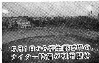
5月1日から福生野球場のナイター設備が利用開始

◎5月1日から、福生野球場のナイター設備が、ご利用になれます。ナイター開場期間は、5月1日から10月31日までです。
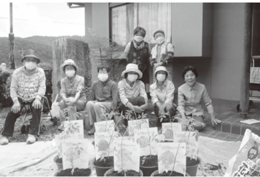
スマイルプロジェクトにも参加しました

平成22年に開催された介護予防サポーター養成講座を受講し、介護予防サポーターのグループである「すみれ会」に参加しました。 また地域での親睦の場として同年の10月8日に「林尾楽友会（りんのらくゆうかい）」を立ち上げました。
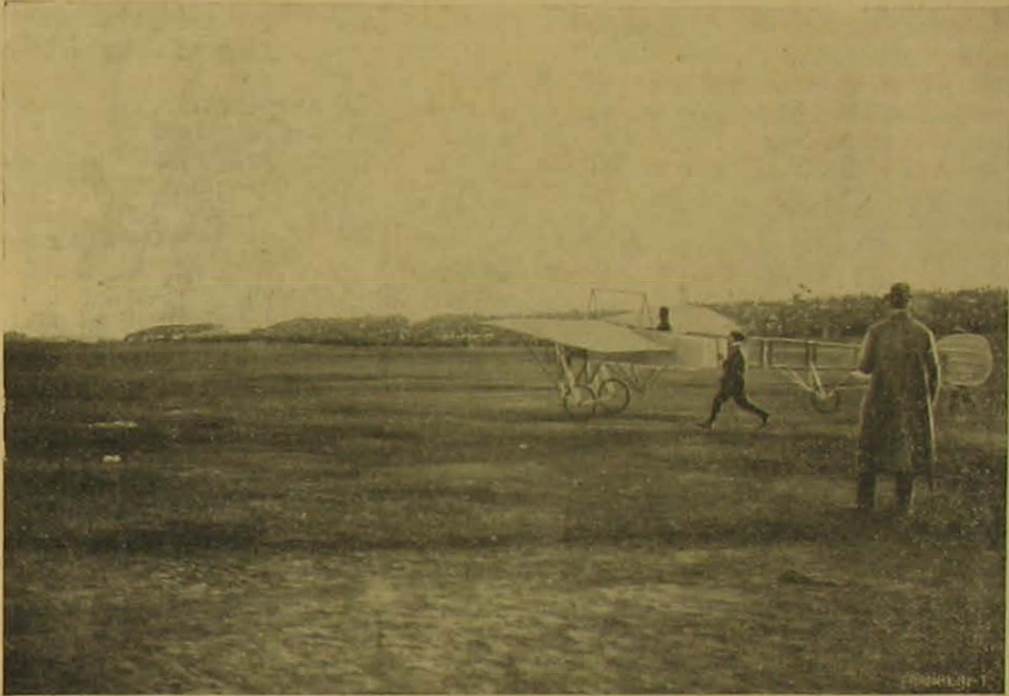
Az indítás előtt.
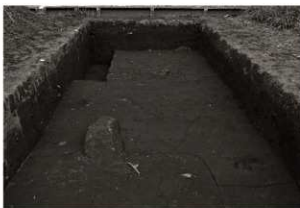
S I 15竈確認状況 (西から, 手前はS I 14)
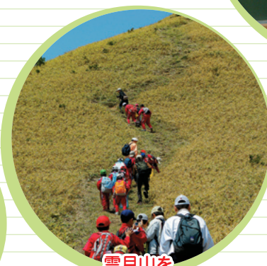
雲月山を フィールドワークする一行
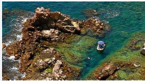
Una persona bucea en aguas de las islas Formigues el verano pasado.
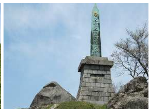
天智天皇欽仰之碑と曇々石(タマタマ石)。
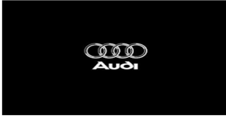
Şekil 3: Audi Logosu

Süreçte kısa sürede aktif olmuş bir diğer Alman otomobil markası Audi'dir. Latince "dinlemek" anlamına gelen Audi, 1910 yılında kurulmuş ilerleyen yıllar içerisinde dört farklı firmanın birleşimini ifade eden iç içe geçmiş halkalardan oluşan logosu ile geçmişten günümüze kullanılmaya başlanmıştır. Şekil 3'de markanın günümüzde kullandığı logosu yer almaktadır. Dört halkanın iç içe geçmiş hali, dört farklı markanın ortak ürettikleri arabada tek amblem olarak yer almasını temsil etmektedir 2 .
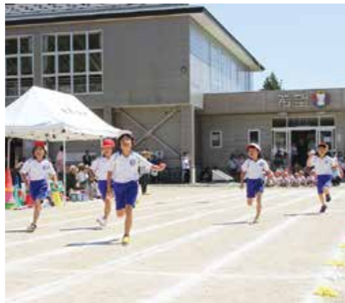
3年生「徒競走」一心不乱にゴールを目指して抜群の快走を見せました
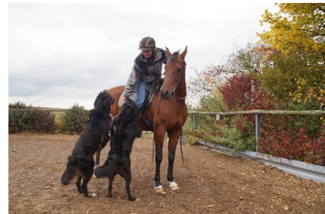
Eine große Herausforderung für das Fluchttier Pferd!

Das An- und Ableinen vom Pferd aus wird bei der Ausbildung geübt – eine wichtige Aufgabe, die im Gelände aber auch insbesondere im Straßenverkehr funktionieren muss.
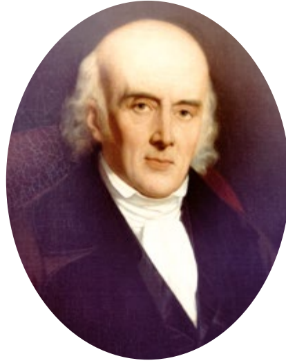
Samuel Hahnemann (1755–1843)

Ich bin zwar Homöopathin, doch keine Gärtnerin – deswegen eine Aufmunterung für alle zukünftigen „homöopathischen Gärtner(innen)“. Ich besitze einen Hausgarten und bin von Beruf weder Gärtnerin noch Botanikerin. Und vor 40 Jahren konnte ich kaum eine junge Kohlrabipflanze von einer Rose unterscheiden. Sie sehen, es ist noch kein „Meister vom Himmel ge-
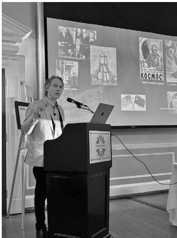
Професор Адріан Івахів.

Однак за цим прогресом приховувалися ризики. Аварії, екологічні катастрофи та приховування інформації стали темною стороною технічного розвитку.
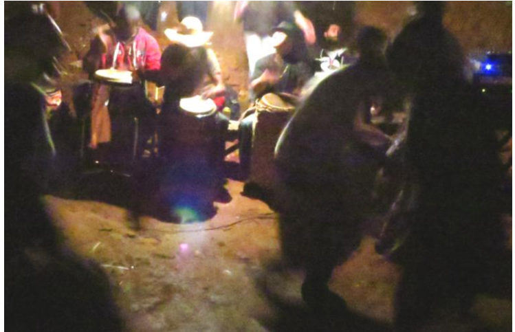
Imagem 5: Roda de Jongo: dança e tambores.

Fonte: Acervo pessoal, jun. 2015. Guaratinguetá/SP.
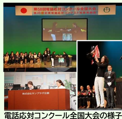
電話対応コンクール全国大会の様子

専門スタッフが”仮のお客様”となって、普段の対応スキルを診断し、改善のためのアドバイスを含めてレポートします。
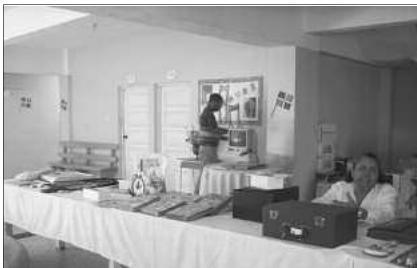
La Directora de la Escuela, junto con los materiales didácticos entregados por FOAL para las escuelas antes de una formación. Se aprecian cuentos, telelupa, elementos de escritura, etc.

::::::::

:: REQUIRED WORK ::
How many lines in the entries include the string "Audi"? Answer with the number alone.

:: PROBLEM SOLUTION ::
2